After reading the entire line of posts, a few things came to mind. First, the ultra graph EQ is a neat little EQ if you'll just be doing basics, but who ever posted the DEQ2496 was right, it's the best EQ Behringer makes, which if you're going to be doing in depth EQ adjustments it's awesome, it does more then I can discribe. I paid $329 US dollars 9/30/04 for the one we use at the Station. It does however take a little bit of time to set up, but once it is, just save the settings. While it isn't a RANE eq, you can still afford that Big Mac at MC D's. go ahead you deserve the BIG MAC.  

Next up, whoever compared Behringer to Mackie, I hope you meant that in a nice way. Those of you who read my posts know I'm an avid MACKIE fan, and defend when prompted to do such. 8O 

I don't know anything about Behringer's light consoles, but if they're anything like the audio consoles you can't trust it at all. One thing Behringer especially doens't do well, is mixers. CONSIDER YOURSELVES WARNED!  

Everything else Behringer is Ok to Great.


----------



## mr_sound (Oct 5, 2004)

I'm starting to see why people dislike behringer's light consoles. I did a show the other week and a few scenes I had programmed were either missing, or severly changed. Of course, it could have always just been a disgruntled employee coming in late at night and bleeping with my stuff.


----------



## dj_illusions (Oct 7, 2004)

a local theatre company had some bogun do their lighting and he used one of them behringer lighting desks, they thought it was fantastic.

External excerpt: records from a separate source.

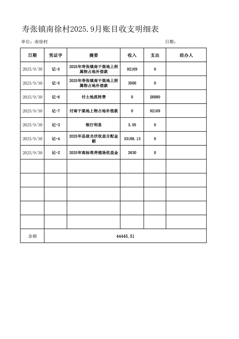 寿张镇南徐村2025.9月账目收支明细表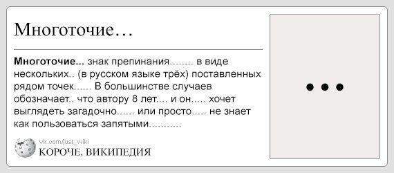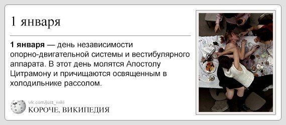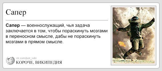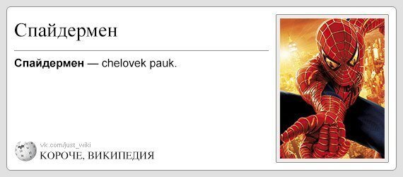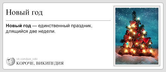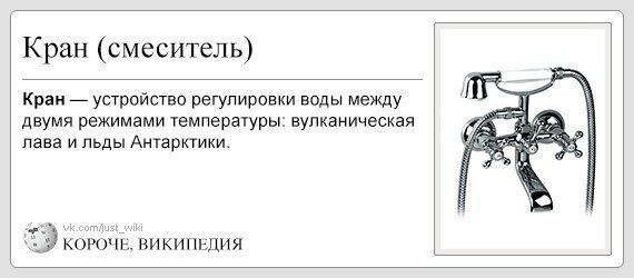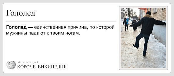 Короче, Википедия (31 фото) 14 марта 2021 0 Категория: смешное Короче, тут одни креативные ребята решили создать альтернативную Википедию. Все так же, как и в самой популярной энциклопедии, — только сухие описания с фактами и датами они заменяют на короткие и в то же время емкие ироничные заметки Поделитесь новостью с друзьями: Facebook Twitter Pinterest 0
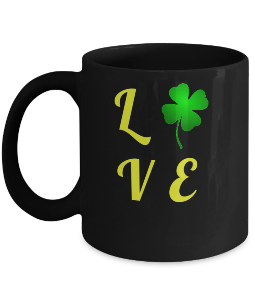 Irish Clover Love ST. Patrick's Day Gift Cute St Patricks Day Gifts Black coffee mugs 11 oz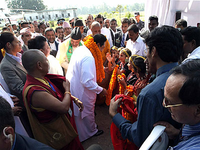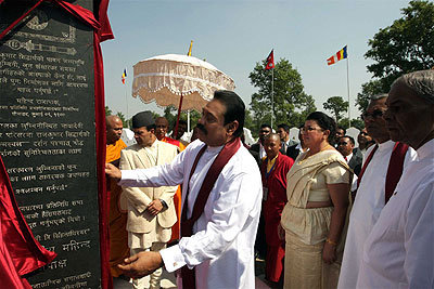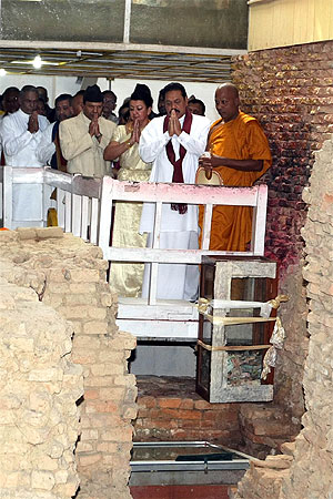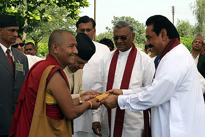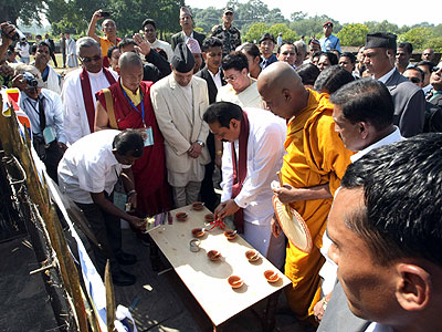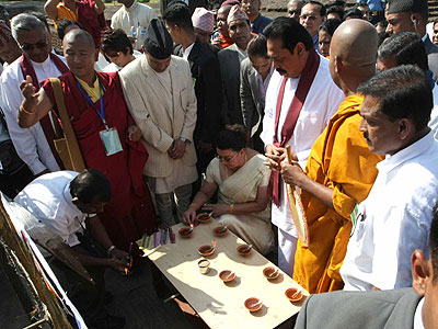 Nepalese children welcomed the President and the Sri Lankan delegation on arrival at one of the most holiest places for Buddhists all over the world. President lit up oil lamps near Asoka Pillar,which was discovered in 1896 by Nepalese archeologists. The great stone pillar at the site, marks the spot of Emperor Asoka's visit to Lumbini during 269 to 232 BC. President Rajapaksa officially opened the newly built Sri Lankan Monastery funded by Sri Lanka Lumbini Development trust.Later he donated One Million US Dollas for Sri Lanka Lumbini Development trust to the Minister for Federal Affairs,and Culture Dr.Minendra Rijal of Nepal . President of the Sri Lanka Lumbini Development Trust,Minister Chamal Rajapaksa, Tissa Karaliyadda and the Sri Lankan delegation were present at the religious ceremony. Lumbini, Gautham Buddha's birth place is a Buddhist pilgrimage site in the Kapilavastu district of Nepal, near Indian border. In 1997 UNESCO specifically nominated Lumbini as a World Heritage Site under the International World Heritage Programme. Pix: Sudath Silva
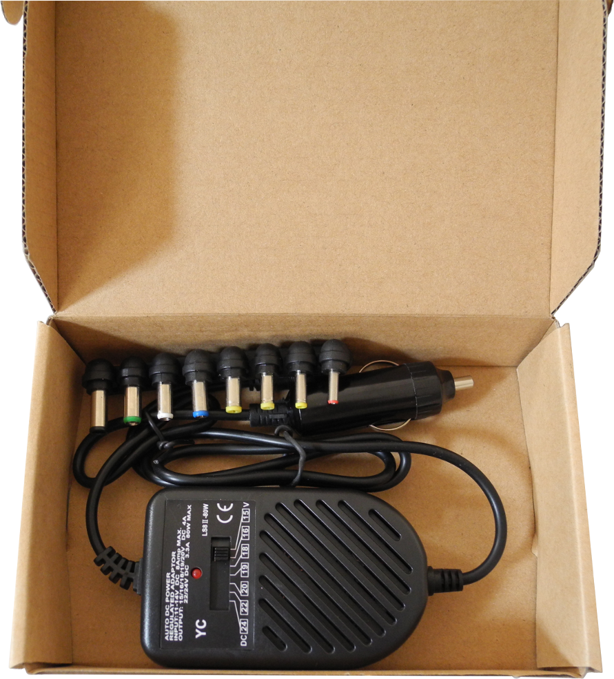 Carica notebook universale da auto, compatibile con la maggior parte dei modelli in commercio. Controllare la tensione presente sull'alimentatore o sul notebook stesso e impostarla tramite l'apposito interruttore.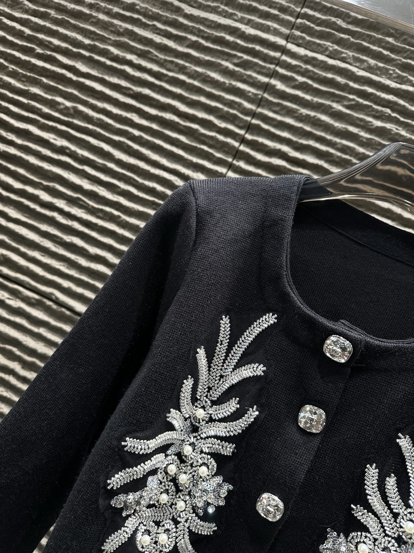 这款衣服是AAAAA 1:1 质量 (非常棒). 使用了和原版一模一样的材料. 商标部分也保持了和香奈儿/Chanel一样. 图片拍摄是实物衣服拍摄, 您所收到的实物保证和我们图片一模一样.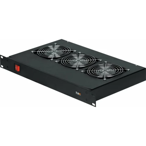 вентиляторная полка TLK, высота 1U (1.75"), 3 вентилятора, глубина 260мм, потребляемая мощность: 57 Вт, производительность: 480 куб.м./ч, напряжение питания: 220В, без шнура питания, черная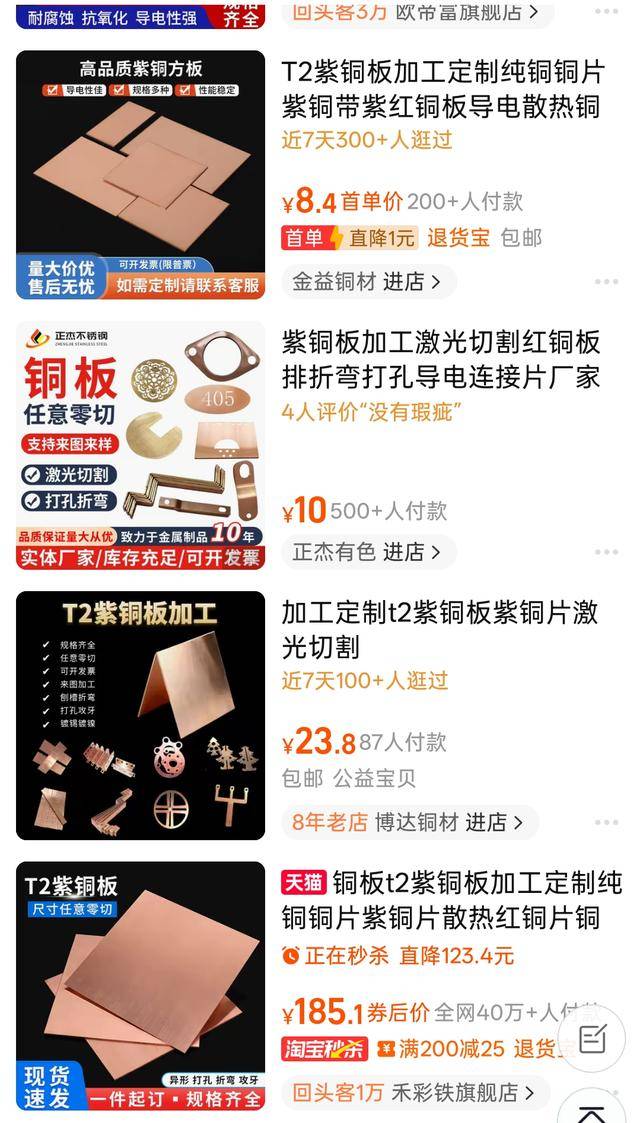 实际上,早在“投资铜条”爆火之前,电商平台上已有不少工厂或五金店,提供定制铜片、铜块、铜条服务。从评论来看,买家购铜用途五花八门,包括个人制作手工、小饰品,用于导电导热、储物收纳、书法镇纸等,而这些铜产品的价格普遍较目前投资铜条的“市价”便宜。例如,记者向某五金店咨询订购一块“10mm*20mm*200mm”的T2紫铜条,系统显示价格为38.5元。卖家告诉记者,T2紫铜是工业纯铜的一种,其对应的国标意味着含铜量不低于99.90%。如按照纯铜密度做简单计算,可得出该块紫铜条的实际重量约为358克,交易价格相当于107.5元/公斤。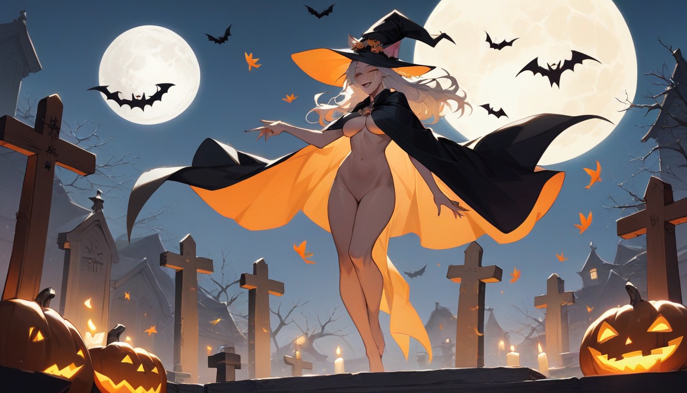 Halloween, Witch, Many Naked Witches Dancing Under A Full Moon In A Graveyard With Cats Furry AI Porn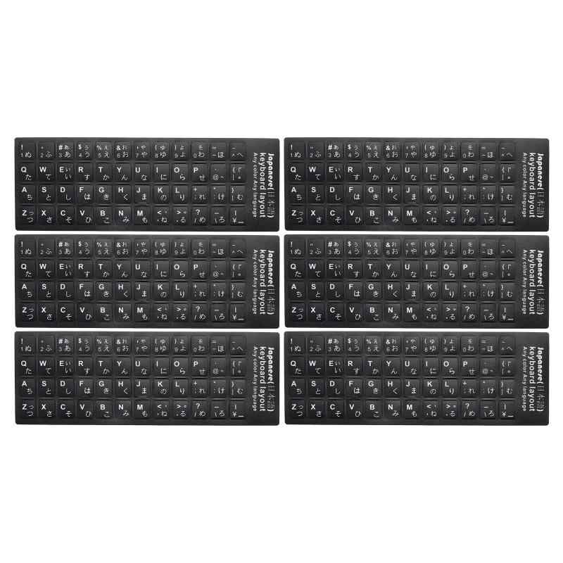 PATIKIL 日本語キーボードステッカー 6個 ユニバーサル キーボード交換用カバー つや消し ノート デスクトップコンピューター用 ブラックバックグラウンド ホワイトレタリング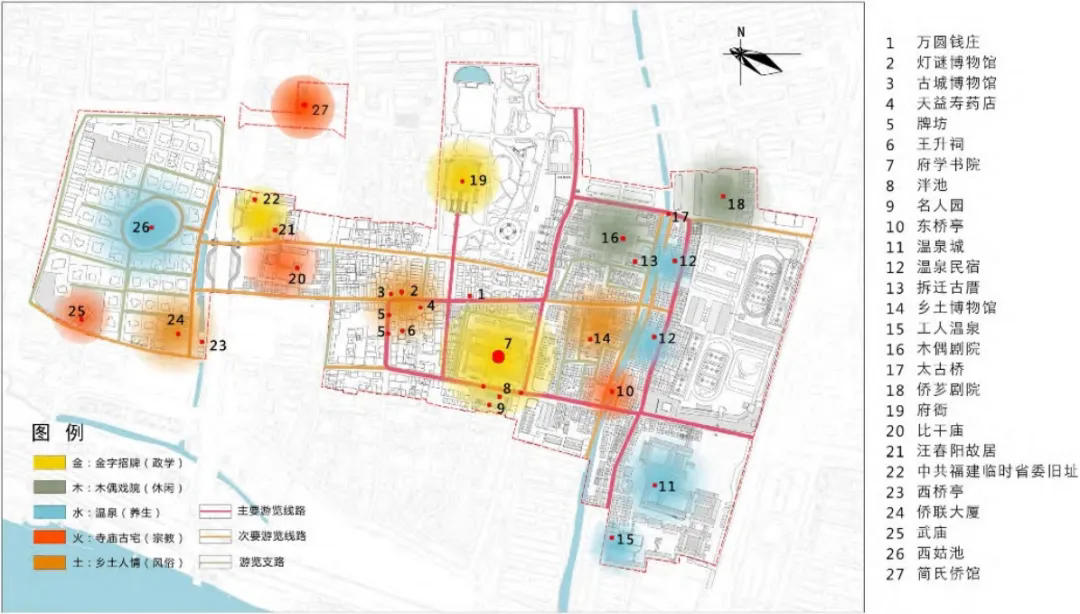 深入挖掘漳州古城內歷史文化資源,保留漳州古城整體風貌與建筑特色,進行改造升級。首先,梳理古城內歷史建筑,識別和提取其中蘊含的金、木、水、火、土文化基因[8],進行保護、修繕和再利用。其中,金主要為府衙、文廟等政府和文化建筑,木主要為木偶戲院等休閑建筑,水主要為溫泉等養(yǎng)生建筑,火主要為寺廟古宅等宗教建筑,土主要為體現(xiàn)鄉(xiāng)土人情的風俗建筑。其次,對服務、餐飲、購物等傳統(tǒng)業(yè)態(tài)進行升級,并植入展覽、體驗等新興業(yè)態(tài)。最后,組織主要和次要游覽線路。從點、線、面三個不同層次實現(xiàn)整個古城的活化與發(fā)展(圖7),最終將其打造成為閩南地區(qū)的特色文化名片。

i did there next show with a jands event48, nothing special and they almost fainted at how 'high tech' it was compared to the behringer... should bring in a strand or hog and really surprise them.. oh wait, im not going back again, bloody community theatre and politics! (all they did was fight over stuff, i have better things to do with my time)


----------



## Nephilim (Oct 11, 2004)

*Re: Behringer DEQ2496*


TBNAudioEngineer said:


> I paid $329 US dollars 9/30/04 for the one we use at the Station.



You got ripped off 

Then again I got an edu discount from B&H. $269 baby 

Put it in the rack of the crappy-sounding theatre rig, and now it's a lot less crappy sounding.


----------



## Foxinabox10 (Oct 11, 2004)

Behringer in my experience is amazing at audio equalizing and feedback control, and maybe they should stick to just that.


----------



## tenor_singer (Oct 11, 2004)

*Re: Behringer DEQ2496*


TBNAudioEngineer said:


> After reading the entire line of posts, a few things came to mind. First, the ultra graph EQ is a neat little EQ if you'll just be doing basics, but who ever posted the DEQ2496 was right, it's the best EQ Behringer makes, which if you're going to be doing in depth EQ adjustments it's awesome, it does more then I can discribe. I paid $329 US dollars 9/30/04 for the one we use at the Station. It does however take a little bit of time to set up, but once it is, just save the settings. While it isn't a RANE eq, you can still afford that Big Mac at MC D's. go ahead you deserve the BIG MAC.
> 
> Next up, whoever compared Behringer to Mackie, I hope you meant that in a nice way. Those of you who read my posts know I'm an avid MACKIE fan, and defend when prompted to do such. 8O
> 
> ...



I brought these posts points up to a friend who is a sound engineer. His response was that in his decades of audio mixing, he has never encountered bad problems with Behringer mixers. He does admit that they aren't sexy nor are they rugged, but if you have a set up where they won't be traveled, you cannot find more bang for your buck... especially when theater boards give you a total budget of $5,000.00 to purchase all sound/lighting control equipment with microphones, connections... etc.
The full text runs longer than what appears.